The contributions of this paper are summarized as follows. 1. To solve the underutilization of resources, we include resource sharing in our method to achieve dynamic allocation and uniform distribution of resources and improve the resource utilization of the satellite network. 2. To address the problem of efficient task execution, we ensure the high timeliness of the tasks assigned in the satellite network through resource monitoring technology and the monitoring of satellite status so that they can be completed within the specified time, increasing the task completion rate. 3. For the scheduling fairness problem, our proposed dynamic scheduling algorithm is more reasonable and fair in the satellite scheduling process than other algorithms. 4. Solving the problem that traditional scheduling algorithms are difficult to adapt to the dynamic changes in the process of satellite schedule. 5. Through simulation experiments, we verify the advantages of our proposed method, such as efficiency and effectiveness, and conclude that the technique can improve task completion efficiency, optimize resource utilization, and cope with changing task demands, thus enhancing the efficiency of the whole system.

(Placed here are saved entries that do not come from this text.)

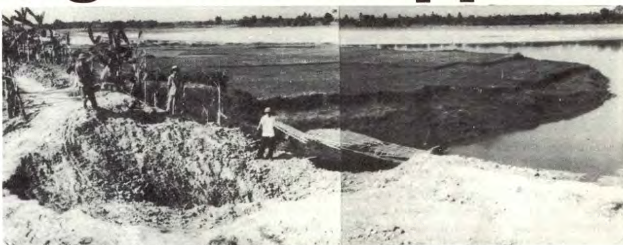
Bombekrater i diken, Ngoc Quang-slusen ved Chu-elva i Nord-Vietnam.

Nixons ville krigspolitikk har blitt møtt med kraftige reaksjoner fra hele verden. Til og med paven og FNs generalsekretær Kurt Waldheim har åpent kritisert bombinga av dikene. I denne situasjonen holder den norske regjeringa så godt som kjeft. Utenriksminister Cappelen presterte et «god dag mann økseskaft-svar» i særklasse da spørsmålet ble reist på Stortinget. Det faller tydeligvis DNA-ledelsen vanskelig å innta folkets standpunkt i noe som helst spørsmål i disse EEC-tider. Det betyr at vi må tvinge dem til det. Ta spørsmålet opp i fagforeninger og organisasjoner, — vis at vi står på det vietnamesiske folkets side, ikke minst nå som vi sjøl kjemper mot imperialismen, mot EEC. Krev et utvetydig standpunkt av tåktalerne i regjeringa — krev Saigon-quislingene i Norge utvist fra landet.
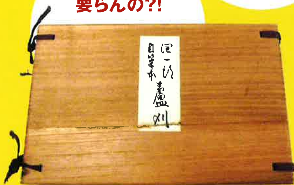
谷崎の自筆を複製した『蘆刈』。貴重な500部限定本だった
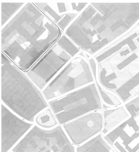
Мал. 1. «Емоційна» карта Контрактової площі. Червоним забарвлені зони площі, які викликають переважно негативні відчуття у її щоденних користувачів; зеленим — переважно позитивні. Інтенсивність кольору відображує рівень упізнаваності окремих будівель

Картографування Контрактової площі дозволило визначити найбільш упізнавані (а отже, найбільш значимі) для громади об'єкти, а також з'ясувати, як сприймаються

Compared with other satellite scheduling-related work, the main feature of our work is the use of dynamic scheduling algorithms based on resource management architecture for optimization. On the one hand, it can better grasp the resource situation of satellites, and on the other hand can make adaptive adjustments for the system, thus ensuring the system’s reliability and improving the scheduling efficiency. Our innovative and practical work can provide relevant references for research and applications in this field.

2. Related Work

With the continuous development of satellite applications [3], the satellite industry is also undergoing a revolution, and in the context of current 5G network applications [3,7,8], how to provide faster data transmission rates, low-latency services, etc. [9,10,11,12], and how to efficiently and effectively It is particularly important to plan, coordinate, and execute satellite scheduling and tasks under limited resources [13,14,15], and to maximize the efficiency of resource use while ensuring that all tasks are met [2,10,16,17,18,19,20,21,22,23,24,25,26,27,28]. For the problems in traditional satellite network scheduling, such as limited satellite resources, coordination between multi-level scheduling, satellite interference, and how to effectively handle the interaction between satellites and networks, these problems will also lead to satellite resource utilization [29,30,31]. In scheduling satellites, the imbalance between scheduling and information transmission will cause the network performance to be not very high [20,32]; some parameters are not Meets expectations, such as transfer delays between networks and the rate at which messages are delivered [11].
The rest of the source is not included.